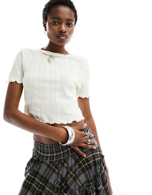 Noisy May – Kremowy krótki top o ozdobnym splocie
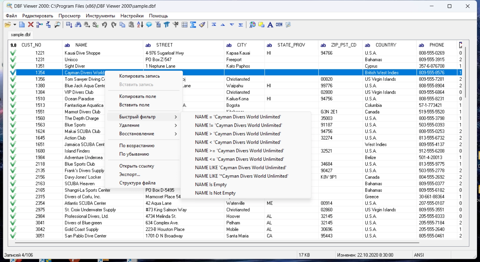 DBF Viewer 2000 предлагает расширенные возможности для экспорта
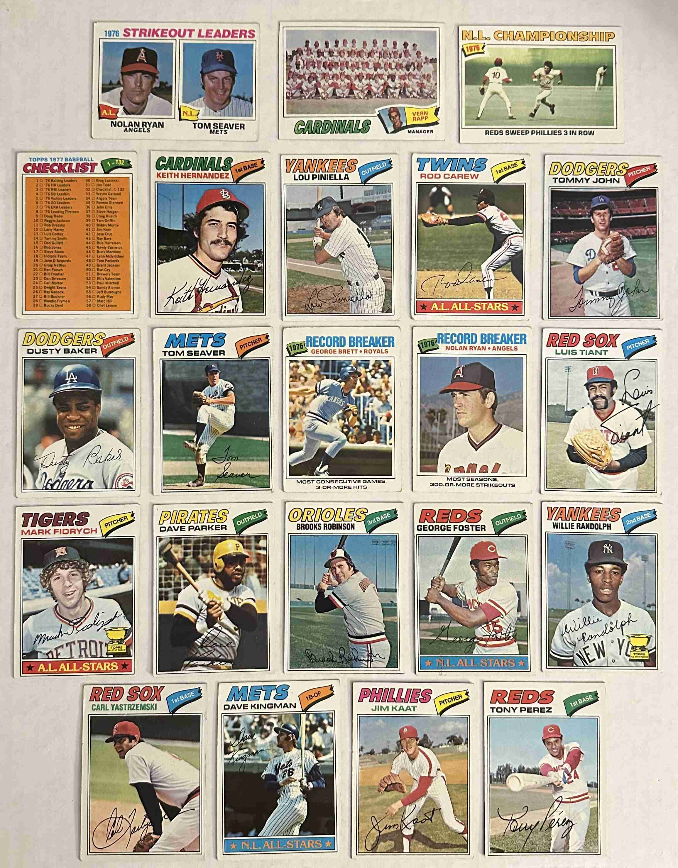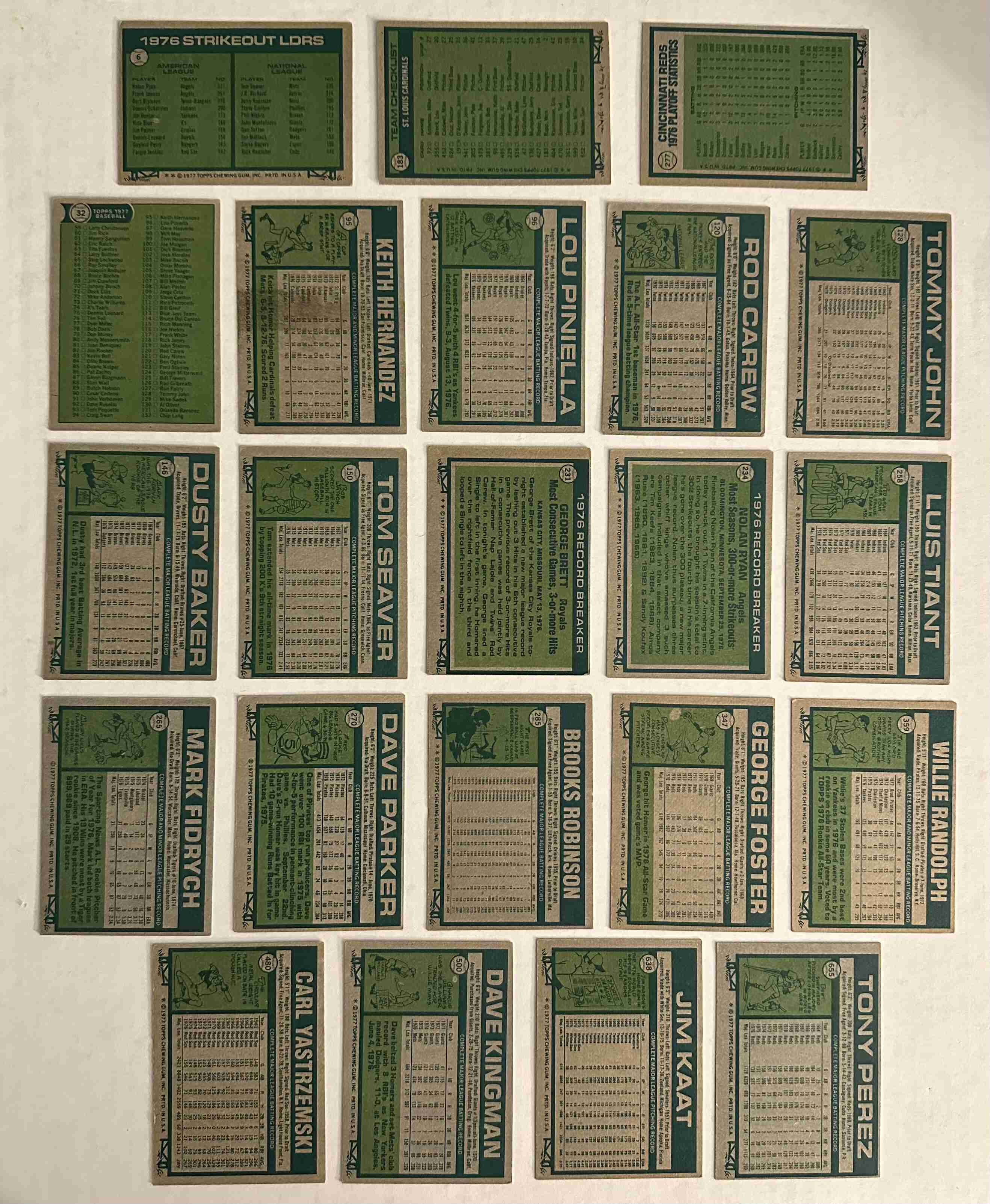 6 Ryan/Seaver, 32 Checklist, 95 Hernandez, 96 Pinella, 120 Carew, 128 John, 146 Baker, 150 Seaver, 183 Cardinals, 231 Brett, 234 Ryan, 258 Tiant, 265 Fidrych, 270 Parker, 277 '76 NL Champ, 285 Robinson, 347 Foster, 359 Randolph, 480 Yastrzemski, 500 Kingman, 638 Kaat, 655 Perez
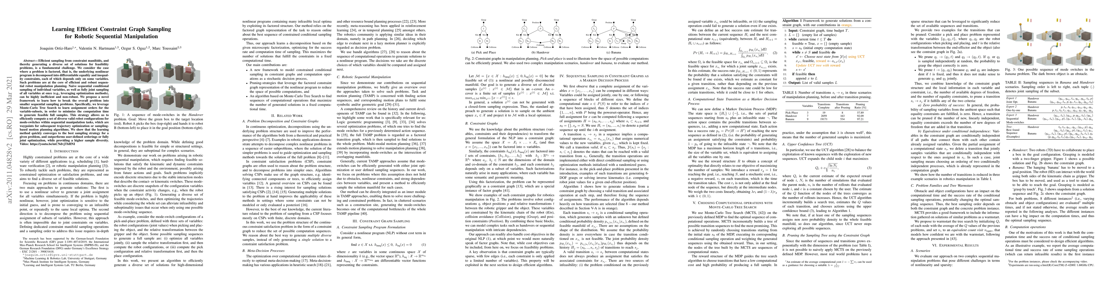 This paper proposes a novel framework to efficiently sample from constraint manifolds for robotic sequential manipulation planning by decomposing problems into smaller sequential sampling tasks. Using Monte-Carlo Tree Search, the method learns optimal variable-subset assignment orders, achieving faster computation and higher diversity in feasible robot configurations compared to traditional methods.
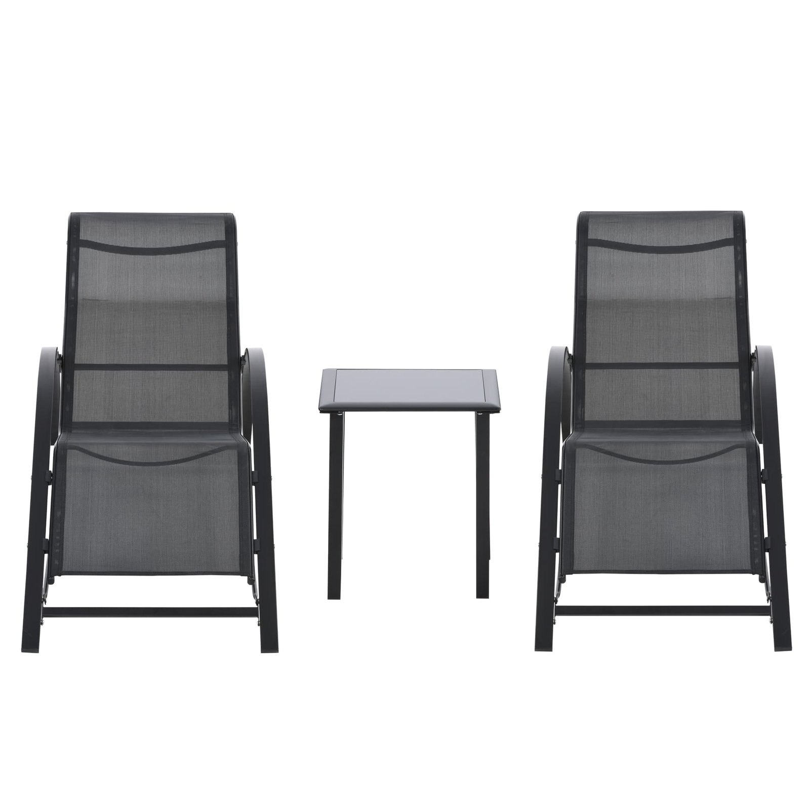 Outsunny tuin loungeset, luxe 2 ligstoelen met bijzettafel, ademende stof, robuust metalen frame, weerbestendig, zwart | Aosom.nl
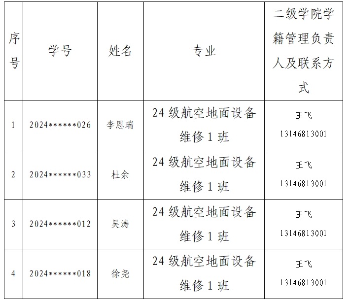 根据教育部《普通高等学校学生管理规定》(教育部令第41号)和《荆门通用航空职业技术学院学生学籍管理办法》要求,为确保学校教育教学工作的正常进行和学生管理的规范性,现将我校2025至2026学年度第二学期,开学后逾期未报到学生的退学处理情况公示如下:
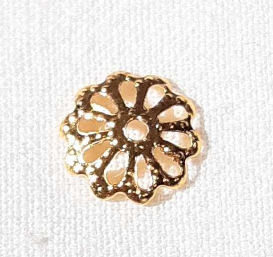 Apprêts bijoux: 20 coupelles légères métal doré 9mm, trou 1mm, épaisseur 1,2mm.
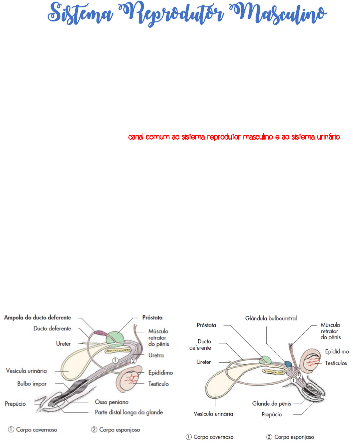 Constituição: 2 Testículos 2 Epidídimos 2 Ductos Deferentes Divertículo de pele: Escroto Glândulas acessórias sexuais (Ampulares; Vesiculares; Próstata e Bulbouretrais) Uretra- PELVICA e PENIANA ( ) Pênis Divertículo de pele: Prepúcio Representação Esquemática dos órgãos genitais MASCULINOS dos animais domésticos CARNÍVOROS By: MARIA ALICE MENDES DOS SANTOS Cão Gato RUMINANTES EQUINOS SUÍNOS Touro Garanhão Varrão ou Cachaço TESTÍCULOS - atuam como GONÂDAS e GLÂNDULAS masculinas: produção de espermatozoides e de hormônios androgênicos esteroides, os quais são responsáveis pelas caraterísticas sexuais secundárias e pelo comportamento típico do macho. - funcionalmente inativos até a puberdade Orientação Testicular RUMINANTES: eixo longitudinal - Ventral à parte caudal do abdome; EQUINOS E CANINOS: eixo - Posição entre o ânus e a “virilha”; SUÍNOS E FELINOS: - ventral ao ânus. Touro Garanhão Cão Varrão ou Cachaço Gato Situados: no Aspectos Anatômicos Externos 2 Extremidades: - Capitada (em contato com a cabeça do epidídimo) - Caudada (em contato com a cauda do epidídimo) 2 Bordas: - Livre - Epididimária ou De Inserção 2 Faces: - Lateral - Medial (voltada para o septo escrotal) Envoltórios: camada visceral da túnica vaginal e túnica albugínea (completamente aderida) Vascularização: - Artéria testicular (Aorta abdominal) - Veias calibrosas (Plexo pampiniforme) Molde de corrosão dos vasos do BOVINO - Artéria testicular (vermelho) - Plexo pampiniforme (azul) Parênquima Testicular: - aspecto esponjoso (os poros são os milhares de túbulos seminíferos seccionados) - a túnica albugínea invagina no parênquima e forma as trabéculas- septos = lóbulos - lóbulos: túbulos seminíferos contornados + túbulos seminíferos retos (formam a rede testicular) ⇨ túbulos eferentes ⇨ penetram na cabeça do epidídimo e confluem formando o ducto epididimário (único) - MEDIASTINO TESTICULAR: área rica em tecido conjuntivo, situada +/- no meio do testículo EPIDIDÍMO - Órgão em formato de “C” localizado na margem epididimária do testículo - Formado por inúmeras convoluções do ducto epididimário, o qual prossegue até a cauda do epidídimo, a parti daí, prossegue na forma de ducto deferente - Local onde os espermatozoides completam seu desenvolvimento, adquirindo motilidade e são armazenados, até o processo de ejaculação Estruturas Anatômicos Externas: 3 partes - Cabeça - Corpo - Cauda Ligamentos: - : fixa a cauda do epidídimo à extremidade caudada do testículo - Ligamentos DA CAUDA DO EPIDÍDIMO: fixa a cauda do epidídimo à túnica vaginal Cordão ou Funículo espermático do epidídimo do epidídimo do epidídimo Testículo Camada Parietal da Túnica Vaginal ESCROTO: -Evaginação da pele da parede abdominal em formato de bolsa Estruturas Anatômicos Internas - SEPTO MEDIANO ou ESCROTAL, divide o escroto em duas CAVIDADES INDEPENDENTES Estruturas Anatômicos Externas - Rafe do escroto Camadas 1º. Pele externa 2º. Túnica dartos (fortemente aderida a pele) 3º. Fáscia espermática externa 4º. Fáscia cremásterica 5º. Fáscia espermática interna 6º. Camada parietal da túnica vaginal – seccionada para realização da castração Pele Septo mediano escrotal Túnica dartos Fáscia espermática externa Camada Parietal da Túnica Vaginal Camada Visceral da Túnica Vaginal e Túnica Albugínea Onde está os c Pele Túnica dartos Fáscia espermática externa Túnica dartos Fáscia espermática externa Fáscia cremásterica Fáscia espermática interna Camada Parietal da Túnica Vaginal Camada Visceral da Túnica Vaginal DUCTO DEFERENTE - é a continuação do ducto epididimário CORDÃO ou FUNÍCULO ESPERMÁTICO: Local por onde vasos e nervos são conduzidos para dentro e para fora dos testículos. Componentes: - Artéria testicular (Aorta abdominal) - Veias calibrosas ( ) - Ducto deferente - Vasos linfáticos - Nervos testiculares - (m. estriado esquelético) estende-se da até a Irradia na camada parietal da túnica vaginal ⇨ penetra na cavidade abdominal através do canal inguinal ⇨ separa- se das outras estruturas do funículo espermático ⇨ curva-se caudalmente ⇨ prega genital ⇨ superfície dorsal da bexiga urinária ⇨ desemboca na uretra pélvica Artéria testicular Ducto deferente Secção transversa do cordão espermático Plexo pampiniforme M. cremaster GLÂNDULAS SEXUAIS ACESSÓRIAS Glândulas AMPULARES ou AMPOLAS DO DUCTO DEFERENTE: - Formada pelo espessamento da mucosa na parte terminal do ducto deferente. Glândulas VESICULARES: - Derivada da parte terminal do ducto deferente. - Localizadas: lateralmente as Glândulas Ampulares, quando presentes; dorsalmente de cada lado da parte caudal da bexiga urinária. E parte inicial da uretra pélvica. PROSTATA: Constituição: - Parte compacta: CORPO- dorsal na parte inicial da uretra pélvica - Parte disseminada- abaixo do músculo uretral BOVINO e SUÍNO: corpo e parte disseminada PEQUENO RUMINANTE: parte disseminada CÃO., GATO e EQUINO: corpo Glândulas BULBOURETRAIS: - Localizadas: dorsalmente na extremidade distal da uretra pélvica (próxima à saída da pelve) Globular; Circunda a uretra pélvica COMPLETAMENTE Globular; Circunda a uretra pélvica INCOMPLETAMENTE - parede ventral é livre TOURO Glândulas Ampulares: Glândulas Vesiculares: Próstata - Corpo: - Parte disseminada: Glândulas Bulbouretrais: M. isquiocavernoso GATO Glândulas Ampulares: Glândulas Vesiculares: Próstata - Corpo: - Parte disseminada: Glândulas Bulbouretrais: CÃO Glândulas Ampulares: Glândulas Vesiculares: Próstata - Corpo: - Parte disseminada: Glândulas Bulbouretrais: Glândulas Ampulares: Glândulas Vesiculares: Próstata - Corpo: - Parte disseminada: Glândulas Bulbouretrais: MAIS DESENVOLVIDAS Varrão ou Cachaço Apresenta de todas as estruturas relacionadas ao sistema reprodutor, inclusive das GLÂNDULAS Varrão ou Cachaço Glândulas Ampulares

__WHAT TO DO__: Excluding the pictures, transcribe each entry above word for word.

__RESPONSE TO THE TASK__:
 Noisy May – Kremowy krótki top o ozdobnym splocie
 DBF Viewer 2000 предлагает расширенные возможности для экспорта
 6 Ryan/Seaver, 32 Checklist, 95 Hernandez, 96 Pinella, 120 Carew, 128 John, 146 Baker, 150 Seaver, 183 Cardinals, 231 Brett, 234 Ryan, 258 Tiant, 265 Fidrych, 270 Parker, 277 '76 NL Champ, 285 Robinson, 347 Foster, 359 Randolph, 480 Yastrzemski, 500 Kingman, 638 Kaat, 655 Perez
 This paper proposes a novel framework to efficiently sample from constraint manifolds for robotic sequential manipulation planning by decomposing problems into smaller sequential sampling tasks. Using Monte-Carlo Tree Search, the method learns optimal variable-subset assignment orders, achieving faster computation and higher diversity in feasible robot configurations compared to traditional methods.
 Outsunny tuin loungeset, luxe 2 ligstoelen met bijzettafel, ademende stof, robuust metalen frame, weerbestendig, zwart | Aosom.nl
 根据教育部《普通高等学校学生管理规定》(教育部令第41号)和《荆门通用航空职业技术学院学生学籍管理办法》要求,为确保学校教育教学工作的正常进行和学生管理的规范性,现将我校2025至2026学年度第二学期,开学后逾期未报到学生的退学处理情况公示如下:
 Apprêts bijoux: 20 coupelles légères métal doré 9mm, trou 1mm, épaisseur 1,2mm.
 Constituição: 2 Testículos 2 Epidídimos 2 Ductos Deferentes Divertículo de pele: Escroto Glândulas acessórias sexuais (Ampulares; Vesiculares; Próstata e Bulbouretrais) Uretra- PELVICA e PENIANA ( ) Pênis Divertículo de pele: Prepúcio Representação Esquemática dos órgãos genitais MASCULINOS dos animais domésticos CARNÍVOROS By: MARIA ALICE MENDES DOS SANTOS Cão Gato RUMINANTES EQUINOS SUÍNOS Touro Garanhão Varrão ou Cachaço TESTÍCULOS - atuam como GONÂDAS e GLÂNDULAS masculinas: produção de espermatozoides e de hormônios androgênicos esteroides, os quais são responsáveis pelas caraterísticas sexuais secundárias e pelo comportamento típico do macho. - funcionalmente inativos até a puberdade Orientação Testicular RUMINANTES: eixo longitudinal - Ventral à parte caudal do abdome; EQUINOS E CANINOS: eixo - Posição entre o ânus e a “virilha”; SUÍNOS E FELINOS: - ventral ao ânus. Touro Garanhão Cão Varrão ou Cachaço Gato Situados: no Aspectos Anatômicos Externos 2 Extremidades: - Capitada (em contato com a cabeça do epidídimo) - Caudada (em contato com a cauda do epidídimo) 2 Bordas: - Livre - Epididimária ou De Inserção 2 Faces: - Lateral - Medial (voltada para o septo escrotal) Envoltórios: camada visceral da túnica vaginal e túnica albugínea (completamente aderida) Vascularização: - Artéria testicular (Aorta abdominal) - Veias calibrosas (Plexo pampiniforme) Molde de corrosão dos vasos do BOVINO - Artéria testicular (vermelho) - Plexo pampiniforme (azul) Parênquima Testicular: - aspecto esponjoso (os poros são os milhares de túbulos seminíferos seccionados) - a túnica albugínea invagina no parênquima e forma as trabéculas- septos = lóbulos - lóbulos: túbulos seminíferos contornados + túbulos seminíferos retos (formam a rede testicular) ⇨ túbulos eferentes ⇨ penetram na cabeça do epidídimo e confluem formando o ducto epididimário (único) - MEDIASTINO TESTICULAR: área rica em tecido conjuntivo, situada +/- no meio do testículo EPIDIDÍMO - Órgão em formato de “C” localizado na margem epididimária do testículo - Formado por inúmeras convoluções do ducto epididimário, o qual prossegue até a cauda do epidídimo, a parti daí, prossegue na forma de ducto deferente - Local onde os espermatozoides completam seu desenvolvimento, adquirindo motilidade e são armazenados, até o processo de ejaculação Estruturas Anatômicos Externas: 3 partes - Cabeça - Corpo - Cauda Ligamentos: - : fixa a cauda do epidídimo à extremidade caudada do testículo - Ligamentos DA CAUDA DO EPIDÍDIMO: fixa a cauda do epidídimo à túnica vaginal Cordão ou Funículo espermático do epidídimo do epidídimo do epidídimo Testículo Camada Parietal da Túnica Vaginal ESCROTO: -Evaginação da pele da parede abdominal em formato de bolsa Estruturas Anatômicos Internas - SEPTO MEDIANO ou ESCROTAL, divide o escroto em duas CAVIDADES INDEPENDENTES Estruturas Anatômicos Externas - Rafe do escroto Camadas 1º. Pele externa 2º. Túnica dartos (fortemente aderida a pele) 3º. Fáscia espermática externa 4º. Fáscia cremásterica 5º. Fáscia espermática interna 6º. Camada parietal da túnica vaginal – seccionada para realização da castração Pele Septo mediano escrotal Túnica dartos Fáscia espermática externa Camada Parietal da Túnica Vaginal Camada Visceral da Túnica Vaginal e Túnica Albugínea Onde está os c Pele Túnica dartos Fáscia espermática externa Túnica dartos Fáscia espermática externa Fáscia cremásterica Fáscia espermática interna Camada Parietal da Túnica Vaginal Camada Visceral da Túnica Vaginal DUCTO DEFERENTE - é a continuação do ducto epididimário CORDÃO ou FUNÍCULO ESPERMÁTICO: Local por onde vasos e nervos são conduzidos para dentro e para fora dos testículos. Componentes: - Artéria testicular (Aorta abdominal) - Veias calibrosas ( ) - Ducto deferente - Vasos linfáticos - Nervos testiculares - (m. estriado esquelético) estende-se da até a Irradia na camada parietal da túnica vaginal ⇨ penetra na cavidade abdominal através do canal inguinal ⇨ separa- se das outras estruturas do funículo espermático ⇨ curva-se caudalmente ⇨ prega genital ⇨ superfície dorsal da bexiga urinária ⇨ desemboca na uretra pélvica Artéria testicular Ducto deferente Secção transversa do cordão espermático Plexo pampiniforme M. cremaster GLÂNDULAS SEXUAIS ACESSÓRIAS Glândulas AMPULARES ou AMPOLAS DO DUCTO DEFERENTE: - Formada pelo espessamento da mucosa na parte terminal do ducto deferente. Glândulas VESICULARES: - Derivada da parte terminal do ducto deferente. - Localizadas: lateralmente as Glândulas Ampulares, quando presentes; dorsalmente de cada lado da parte caudal da bexiga urinária. E parte inicial da uretra pélvica. PROSTATA: Constituição: - Parte compacta: CORPO- dorsal na parte inicial da uretra pélvica - Parte disseminada- abaixo do músculo uretral BOVINO e SUÍNO: corpo e parte disseminada PEQUENO RUMINANTE: parte disseminada CÃO., GATO e EQUINO: corpo Glândulas BULBOURETRAIS: - Localizadas: dorsalmente na extremidade distal da uretra pélvica (próxima à saída da pelve) Globular; Circunda a uretra pélvica COMPLETAMENTE Globular; Circunda a uretra pélvica INCOMPLETAMENTE - parede ventral é livre TOURO Glândulas Ampulares: Glândulas Vesiculares: Próstata - Corpo: - Parte disseminada: Glândulas Bulbouretrais: M. isquiocavernoso GATO Glândulas Ampulares: Glândulas Vesiculares: Próstata - Corpo: - Parte disseminada: Glândulas Bulbouretrais: CÃO Glândulas Ampulares: Glândulas Vesiculares: Próstata - Corpo: - Parte disseminada: Glândulas Bulbouretrais: Glândulas Ampulares: Glândulas Vesiculares: Próstata - Corpo: - Parte disseminada: Glândulas Bulbouretrais: MAIS DESENVOLVIDAS Varrão ou Cachaço Apresenta de todas as estruturas relacionadas ao sistema reprodutor, inclusive das GLÂNDULAS Varrão ou Cachaço Glândulas Ampulares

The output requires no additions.